The other challenge, Schlehuber said, is for the VA to create an orderly process for incorporating improvements to VistA developed outside the VA. Several modifications to VistA done in the development of VOE have been presented to the VA, but have yet to be incorporated and distributed via the patch stream throughout the system. The Instituto Mexicano del Seguro Social, one of Mexico’s national health services, has installed a Spanish language version of VistA at 56 of its hospitals and has built what programmers there think are improved versions of several VistA software modules. Medsphere has several hospital installations under way in the U.S. using its version of VistA, yet Timson’s upgrades to FileMan, created when he was employed by Medsphere, were not readily accepted by the VA. Other VistA vendors, aiming to leverage open-source VOE and target the 200,000-physician small-office market, could boost development of the software dramatically and produce a stream of improvements to the software just as steady as that now emanating from the VA.
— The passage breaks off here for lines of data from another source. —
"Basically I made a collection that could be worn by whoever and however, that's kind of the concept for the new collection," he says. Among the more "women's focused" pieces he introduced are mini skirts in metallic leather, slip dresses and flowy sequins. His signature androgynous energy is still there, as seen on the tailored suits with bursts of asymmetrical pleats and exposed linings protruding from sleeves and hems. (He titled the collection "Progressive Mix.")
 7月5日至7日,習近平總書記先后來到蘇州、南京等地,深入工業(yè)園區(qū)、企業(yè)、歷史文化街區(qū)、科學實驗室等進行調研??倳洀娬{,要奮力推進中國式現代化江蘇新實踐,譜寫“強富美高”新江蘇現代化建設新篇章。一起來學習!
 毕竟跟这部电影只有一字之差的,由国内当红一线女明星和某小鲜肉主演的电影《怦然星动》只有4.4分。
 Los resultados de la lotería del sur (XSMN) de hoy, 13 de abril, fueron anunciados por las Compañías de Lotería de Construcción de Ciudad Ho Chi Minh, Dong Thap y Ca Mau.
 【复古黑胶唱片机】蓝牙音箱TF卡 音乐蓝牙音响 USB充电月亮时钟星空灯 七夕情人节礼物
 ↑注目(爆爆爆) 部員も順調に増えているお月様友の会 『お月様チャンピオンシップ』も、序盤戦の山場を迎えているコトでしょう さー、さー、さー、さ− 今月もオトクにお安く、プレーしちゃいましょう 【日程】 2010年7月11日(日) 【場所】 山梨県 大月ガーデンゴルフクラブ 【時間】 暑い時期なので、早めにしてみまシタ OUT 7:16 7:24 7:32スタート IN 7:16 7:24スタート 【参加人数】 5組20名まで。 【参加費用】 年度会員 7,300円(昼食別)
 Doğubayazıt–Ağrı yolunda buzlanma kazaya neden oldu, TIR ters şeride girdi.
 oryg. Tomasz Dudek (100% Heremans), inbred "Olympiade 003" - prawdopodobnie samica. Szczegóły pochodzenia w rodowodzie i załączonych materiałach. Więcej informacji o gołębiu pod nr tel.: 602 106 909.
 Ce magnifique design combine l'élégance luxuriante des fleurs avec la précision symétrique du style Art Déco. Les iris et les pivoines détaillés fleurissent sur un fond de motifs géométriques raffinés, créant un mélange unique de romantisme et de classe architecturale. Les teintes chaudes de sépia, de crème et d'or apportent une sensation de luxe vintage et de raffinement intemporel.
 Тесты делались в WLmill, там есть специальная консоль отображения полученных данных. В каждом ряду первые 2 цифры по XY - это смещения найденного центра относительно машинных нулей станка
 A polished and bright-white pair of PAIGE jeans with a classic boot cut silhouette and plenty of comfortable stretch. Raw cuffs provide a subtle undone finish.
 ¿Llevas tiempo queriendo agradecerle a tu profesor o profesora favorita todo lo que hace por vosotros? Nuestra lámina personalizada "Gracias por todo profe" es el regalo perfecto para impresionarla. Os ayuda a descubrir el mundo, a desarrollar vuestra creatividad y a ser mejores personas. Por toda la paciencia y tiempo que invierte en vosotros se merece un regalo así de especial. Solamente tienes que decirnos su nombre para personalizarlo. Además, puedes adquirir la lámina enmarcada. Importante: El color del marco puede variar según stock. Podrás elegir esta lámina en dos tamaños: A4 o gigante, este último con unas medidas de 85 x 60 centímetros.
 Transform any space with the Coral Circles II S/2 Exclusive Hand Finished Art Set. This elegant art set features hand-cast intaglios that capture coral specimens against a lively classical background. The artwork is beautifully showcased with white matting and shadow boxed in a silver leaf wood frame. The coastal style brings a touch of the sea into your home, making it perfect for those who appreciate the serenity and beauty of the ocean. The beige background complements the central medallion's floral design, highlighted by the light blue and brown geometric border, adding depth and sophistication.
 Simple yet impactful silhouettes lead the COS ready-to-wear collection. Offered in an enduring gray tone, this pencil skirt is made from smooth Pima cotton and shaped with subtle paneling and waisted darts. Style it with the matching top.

“There are going to be a number of users of VOE that far exceeds the number of users at VA,” Schlehuber said. “At some point I can see that is going to develop stresses in VA.”

WorldVistA member Brian Lord is a former VA programmer who has worked on the development of VOE. Lord is president of Sequence Managers Software, which is selling a subscription EMR service based on VistA that is distributed to clients using the application service provider, or ASP, model.

WorldVistA plans to release VOE under the Free Software Foundation’s General Public License, and that’s as it should be, according to Lord.

“We are dedicated to open source because we believe there is a business model there,” he said. “We’ve got a PACS (picture archiving and communication system) attached to our VistA, a practice-management system that’s attached, and it’s all open-source.

“This product must be released under GPL,” Lord said. “It has to be community property. They want to ensure that anybody that wants to start working with VistA has to contribute to the community. Unless they are invested in the community, they are not going to be able to make all of this work. The fact is, the intellectual capital that is required to make VistA work and make it grow, no company can match that.

“The underlying goal for all of this is to change the way healthcare is practiced and that is to create a system where records can be exchanged, and VistA is a foundation that can make that happen,” he said.